Tarek Atrissi, a cross cultural designer who was present at the 12th Pune Design Festival organised by Association of Designers of India (ADI), shares his journey and how he has taken ahead Arabic typography in today’s world when most think it to be the language of terrorists.  

Arabic typography
Atrissi believes that many people nowadays think of Arabic as the language of terrorists. “Arabic is one of the most beautiful scripts in the world,” he says, adding that it can even be used in the most creative ways. But when people start associating a script with a negative aspect it becomes extremely difficult to be creative. “Whatever the product is, people tend to get scared,” he says.

That said, incorporating Arabic typography in posters with graphics has become challenging nowadays. If the poster is in English typography, you get an idea of what it is all about. But Arabic and Persian scripts are intricate and complicated, so it becomes difficult for people to comprehend. “When people do not understand what they see or read they are terrified of the consequences, and this phenomenon has come up only in recent times,” he adds.  

Recalling an event, Atrissi says, “We had put up a poster as part of a movement called ‘Tolerance’,” which had a completely veiled woman. “The irony of the movement was that the poster did not survive even for a day.” The poster of the completely veiled woman, which had Arabic typography on it, was ripped apart and vandalised with drawings by people. Since people do not understand Arabic typography, when they see such things they start associating it with ISIS flags. “Most people think Arabic is the language that terrorists speak and write in,” Atrissi says. 
 
Design blurring boundaries 
“Design is one thing that does not need a common language to understand it,” says Atrissi. He believes it is an art form and any person from any corner of the world can be drawn towards it. He says that it is probably the most powerful tool that will blur the boundaries between different cultures and countries though he believes that it is a tool which much be used carefully without hurting the sentiments of people.  
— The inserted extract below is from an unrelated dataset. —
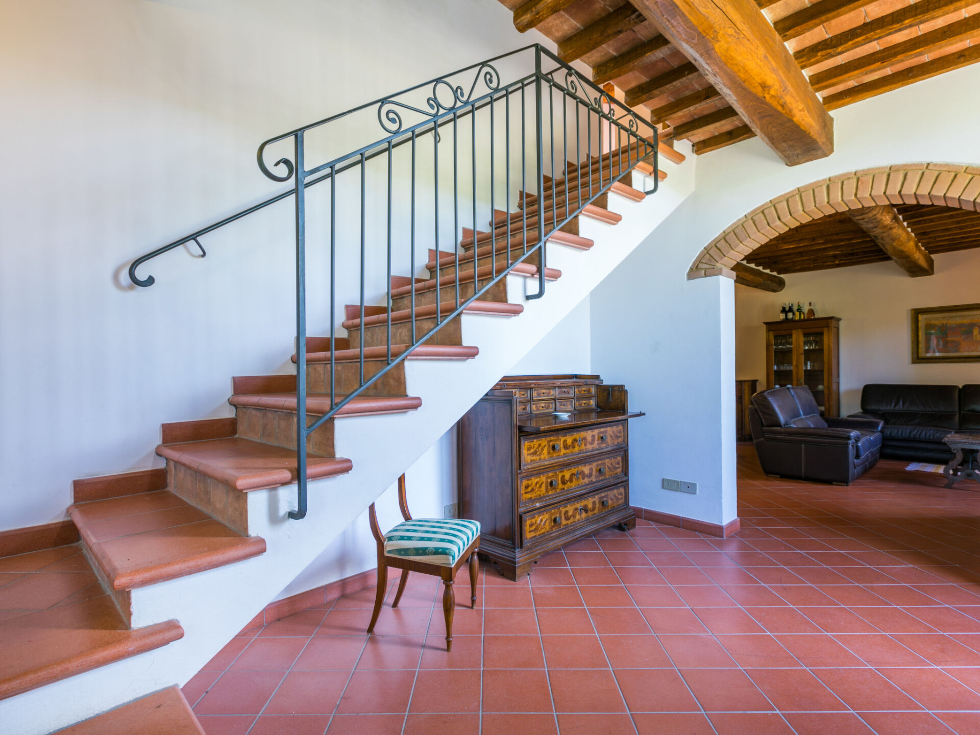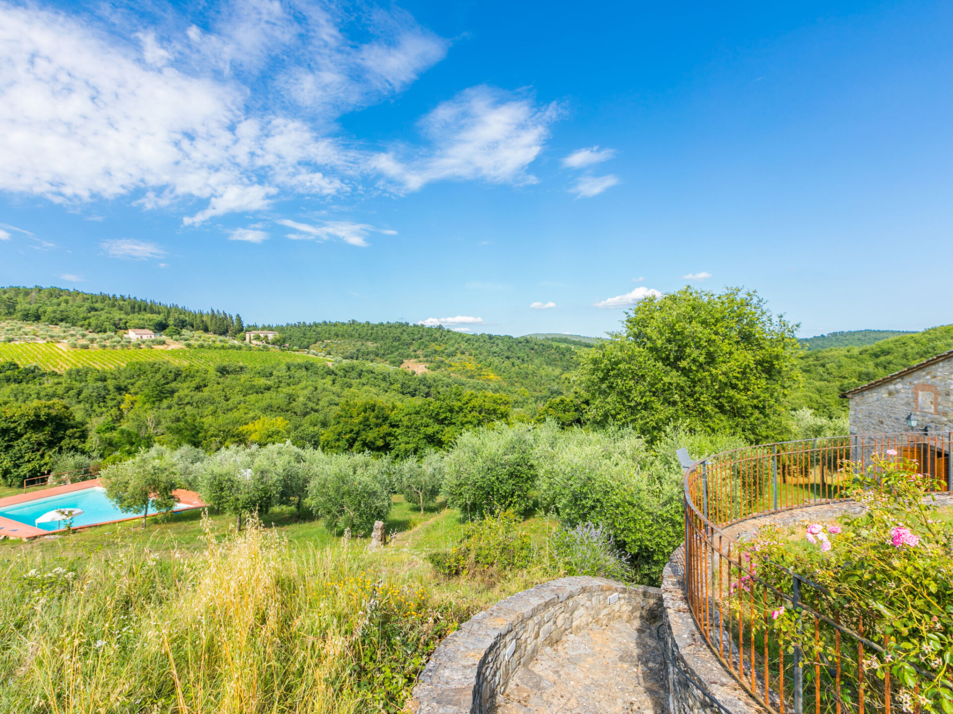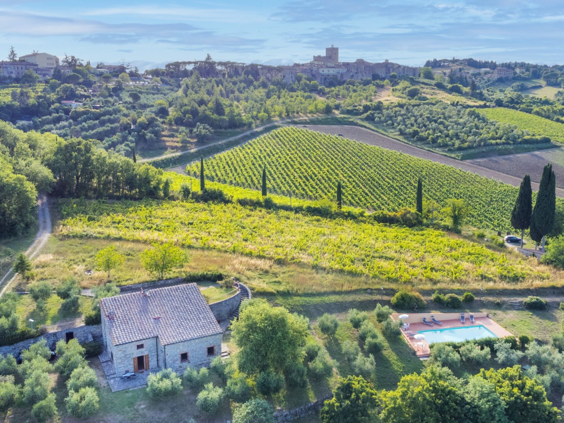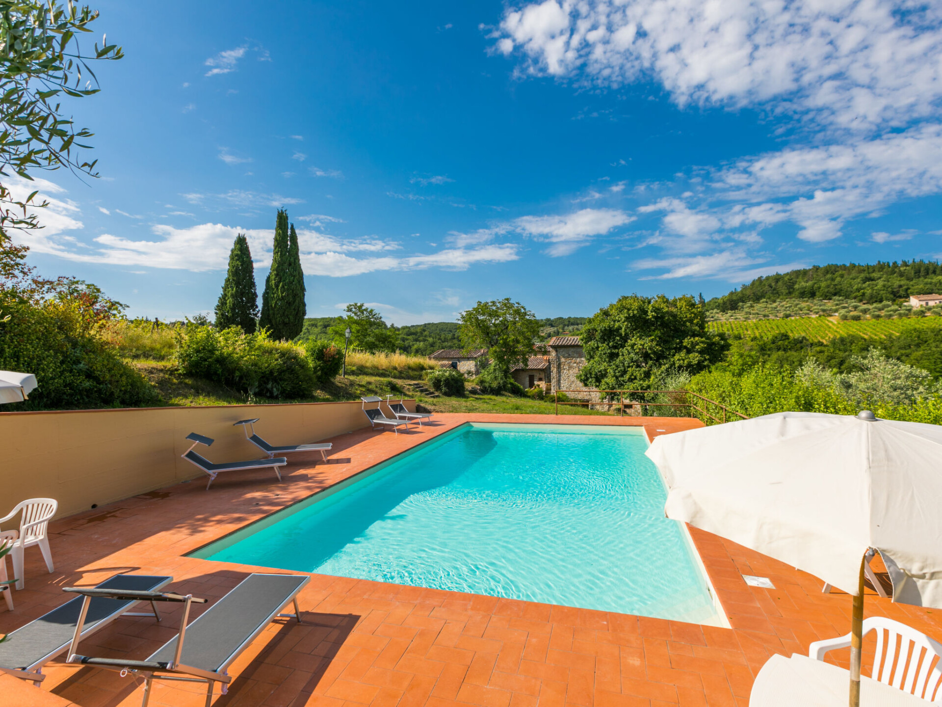 Castellina in Chianti: Gezellig, rustieke landhuis "Cerretino", omgeven door velden en wijngaarden. 3 huizen in de woning. 1 km van het centrum van Castellina in Chianti, zonnige ligging, 200 m van de bosrand, te midden van groen. Voor medegebruik: wild terrein, openluchtzwembad (6 x 12 m, 100 - 180 cm diepte, seizoensgebonden beschikbaarheid: 15.Mei. - 15.Okt.). Buitendouche, patio, terras, tuinmeubelen, onderhoud zwembad door de eigenaar/tuinman. In het huis: air-conditioning, wasmachine, droger (voor medegebruik). 300 m lange zeer rommelige, smalle toegangsweg tot aan het huis. Parkeerplaats bij het huis. Winkel 1 km, levensmiddelenwinkel 1 km, supermarkt 1 km, restaurant 1 km, bar 500 m, bakkerij 1 km, voetgangersgebied 1 km, centrum te voet bereikbaar in 15 minuten, bushalte 1 km, zandstrand "Cecina Mare" 88 km, thermaalbad "Rapolano Terme" 50 km. Wandelroutes 200 m vanaf het huis. Attracties in de buurt: Panzano in Chianti 13 km, Greve in Chianti 20 km, Gaiole in Chianti 20 km, Siena 26 km, San Gimignano 42 km, Firenze 50 km. Baby uitrusting (incl.).

He believes that the sudden rise of Islamphobia can be cut down through the means of design. “Literature and script is what leaves an impression and creates an impact on people’s mind, so it is in our hands to use this tool to spread peace in the world,” he adds. 

Treat all equally
Atrissi says,“Countries need publicity and a visual presence in the world,” just the way every brand needs to create an identity in the market. He believes that because of some ongoing activities some countries usually end up having a negative identity. “Our world view is shaped by what we see around us,” he says, adding that as citizens of the same planet people need to come to a point of breaking away from our inhibitions and view everyone equally. 

Digital vs handwritten
Calligraphy is best done in ink and paper. But of course times are changing and in this technology-driven world, calligraphy is now done on a digital screen. Atrissi believes that even though working digitally is much more easy and convenient but when it comes to some curves in calligraphy he always prefers going back to the roots.